Caspase inhibitor zVAD-fmk protects against acute pancreatitis-associated lung injury via inhibiting inflammation and apoptosis

Background/objectives: Pulmonary Apoptosis is an important pathogenic mechanism of acute lung injury induced by many factors. This study aims to investigate whether the Caspase Inhibitor zVAD-fmk has a protective effect against lung injury in the severe acute pancreatitis model (SAP) in rats.

Methods: Seventy-two Sprague-Dawley rats were randomly divided into Sham, SAP, and SAP + zVAD-fmk groups. The SAP model was established by injection of 5% sodium taurocholate into the pancreatic duct. Animals were sacrificed at 3 h, 6 h, 12 h, and 24 h after operation and then HE staining analysis was performed to assess the lung injury. ELISA was used to detect the activity of myeloperoxidase (MPO) and the concentrations of tumor necrosis factor α (TNF-α) and interleukin 1β (IL-1β). Western blotting was used to detect the expression of cleaved Caspase-3 in the lung tissues.

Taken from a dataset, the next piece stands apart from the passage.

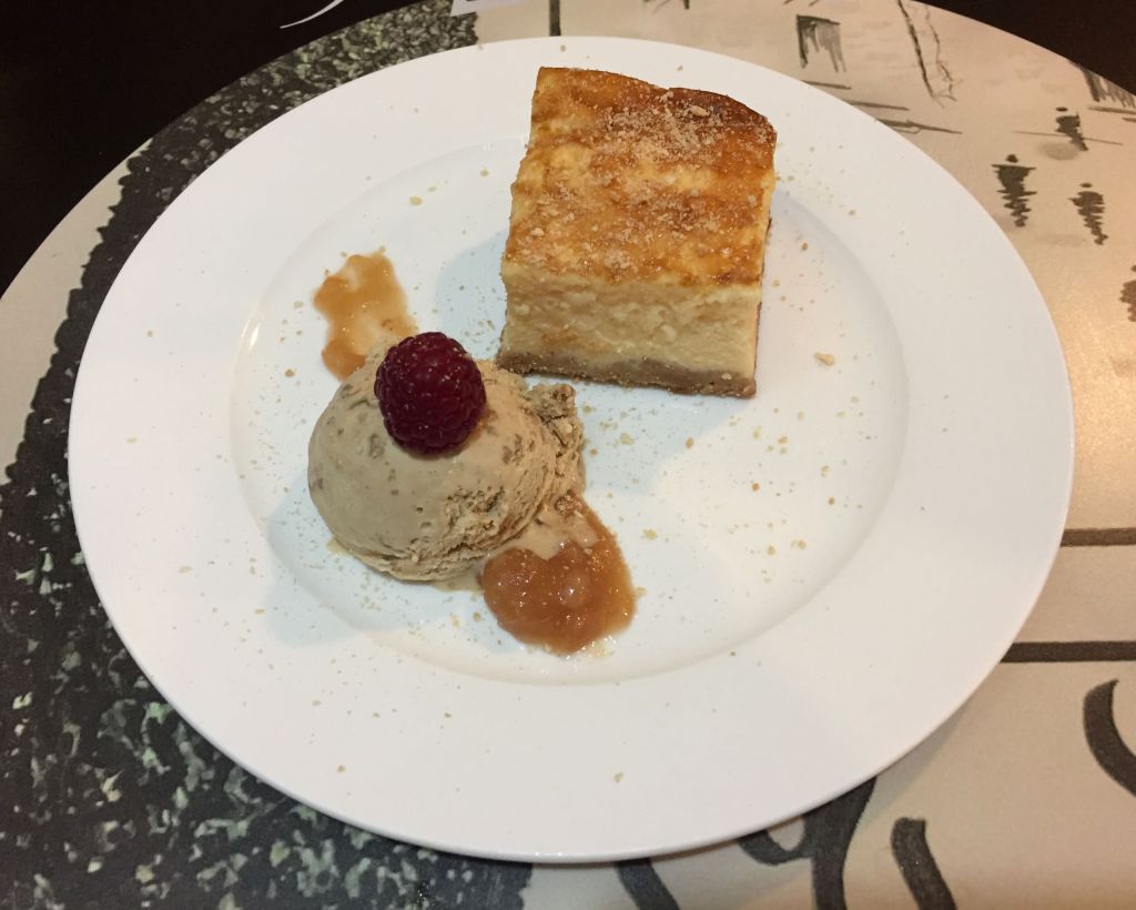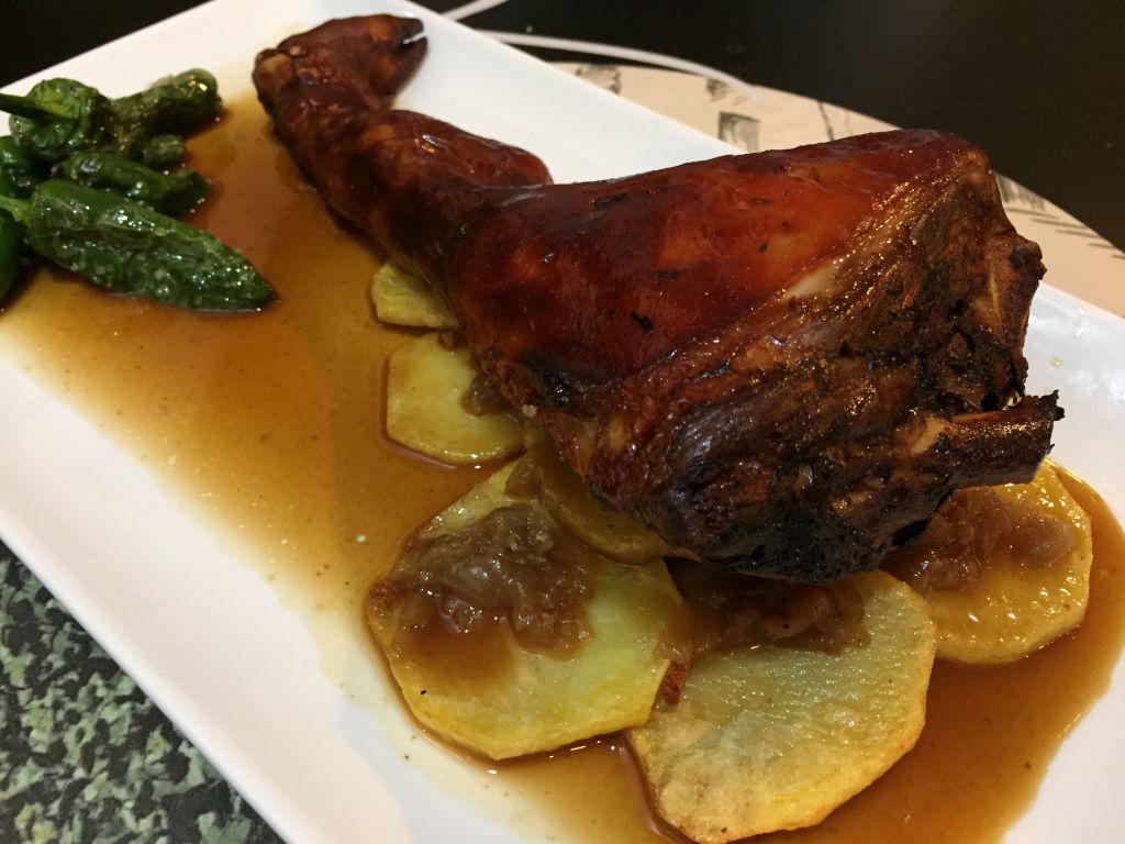 Otro de mis caprichos fue la pierna de cochinillo confitada a baja temperatura y su guarnición de patata a lo pobre. Estaba muy buena de sabor pero algo pasada, no tenía ese crujiente que uno busca en el cochinillo, algo que debía intuir cuando la pedí.
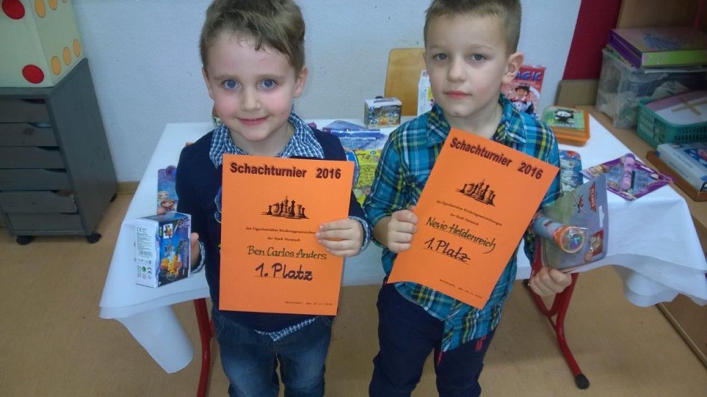 Gespielt wurden drei Partien Schach mit wechselnden Gegnern. Drei Siege gelangen dabei Ben Carlos Anders und Nevio Heidenreich aus der Kita Regenbogen, die beide zu den allerjüngsten Spielern des Turniers gehören.

Results: Rats in SAP group showed obvious lung injury through pathologic examination. Pretreatment with zVAD-fmk significantly inhibited a post-SAP increase in the activation of MPO, TNF-α, IL-1β, and Caspase-3, and decreased lung injury induced by SAP as determined by the pathologic score.

Conclusion: Our results suggest that Apoptosis plays an important role in acute pancreatitis-associated lung injury (APALI), and inhibition of Caspase activity may represent a new therapeutic approach for the treatment of APALI.

Acute pancreatitis-associated lung injury; Apoptosis; Caspase; Inflammation; zVAD-fmk.